▸ **PROBLEM TO WORK ON**
Give the listing below again exactly, but without any of its pictures.

▸ **EXERCISE DATA**
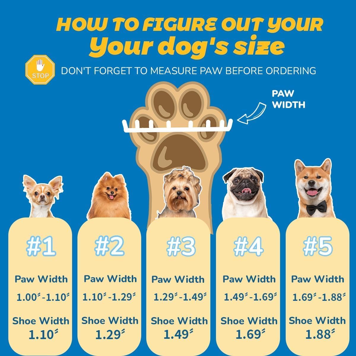 Choosing the right size dog boots for your puppy: Please refer to the picture size chart, choose the right size for your puppy. Size 1: Width 1.10 inch for 2.2-6.6 lbs; Size 2: Width 1.29 inch for 6.6-11.0 lbs; Size 3: Width 1.49 inch for 11.0-16.5 lbs; Size 4: Width 1.69 inch for 16.5-22.0 lbs; Size 5: Width 1.88 inch for 22.0-27.6 lbs
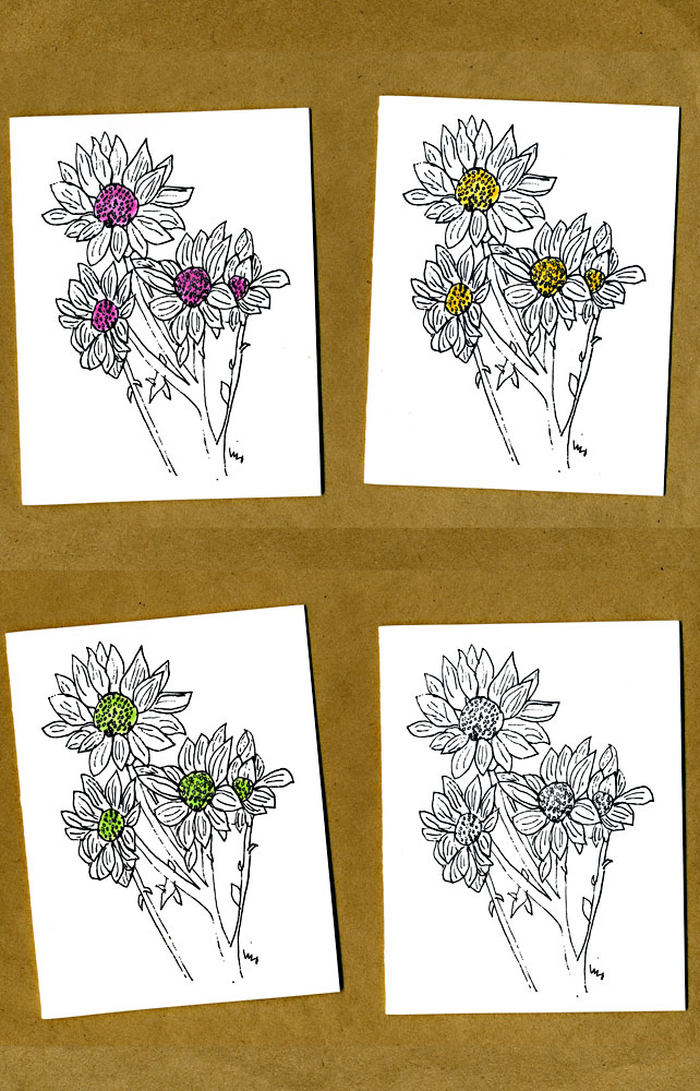 Liz's drawing of daisies she received in a gift of flowers from a friend. This version is the pink version. Also available with yellow, white or green centers or as a variety set with two of each color.
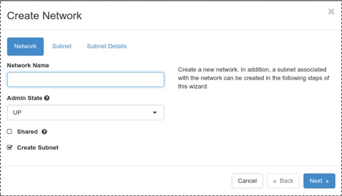 We will create both our network and a subnet from this window. Into the Network name box, enter a network name. I will use “MyFirstNet” as a name and click on the next button to define the subnet we will use. We can see this in the graphic below:
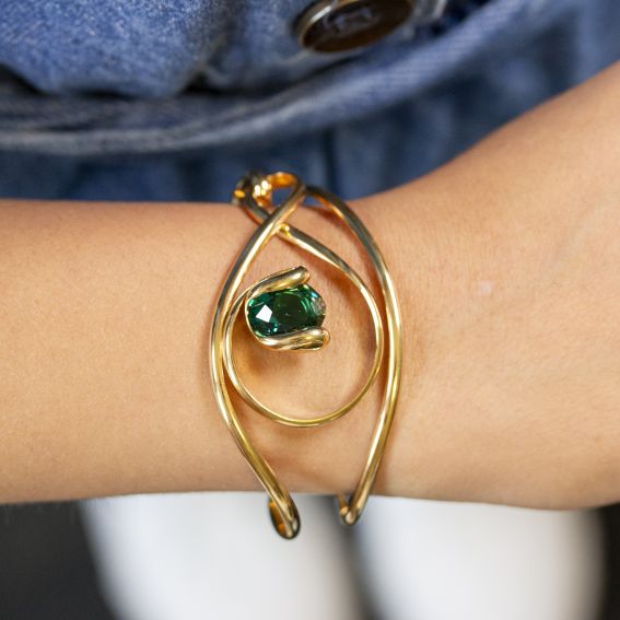 This gold-tone bracelet is an elegant piece with a finely crafted gold-tone metal structure, forming soft, intertwining curves that frame the central crystal. The shape of the design seems to be inspired by an organic pattern, almost reminiscent of a stylized eye, with the emerald-colored crystal capturing all the attention at the center. The Swarovski crystal is cut to beautifully reflect light, adding a touch of depth and sparkle to this piece.
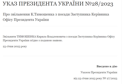 Тим часом, на сайті президента вже з'явився офіційний указ про звільнення Кирила Тимошенко. Він набув чинності з 23 січня 2023 року.

▸ **RESPONSE BOX**
 Choosing the right size dog boots for your puppy: Please refer to the picture size chart, choose the right size for your puppy. Size 1: Width 1.10 inch for 2.2-6.6 lbs; Size 2: Width 1.29 inch for 6.6-11.0 lbs; Size 3: Width 1.49 inch for 11.0-16.5 lbs; Size 4: Width 1.69 inch for 16.5-22.0 lbs; Size 5: Width 1.88 inch for 22.0-27.6 lbs
 Liz's drawing of daisies she received in a gift of flowers from a friend. This version is the pink version. Also available with yellow, white or green centers or as a variety set with two of each color.
 We will create both our network and a subnet from this window. Into the Network name box, enter a network name. I will use “MyFirstNet” as a name and click on the next button to define the subnet we will use. We can see this in the graphic below:
 This gold-tone bracelet is an elegant piece with a finely crafted gold-tone metal structure, forming soft, intertwining curves that frame the central crystal. The shape of the design seems to be inspired by an organic pattern, almost reminiscent of a stylized eye, with the emerald-colored crystal capturing all the attention at the center. The Swarovski crystal is cut to beautifully reflect light, adding a touch of depth and sparkle to this piece.
 Тим часом, на сайті президента вже з'явився офіційний указ про звільнення Кирила Тимошенко. Він набув чинності з 23 січня 2023 року.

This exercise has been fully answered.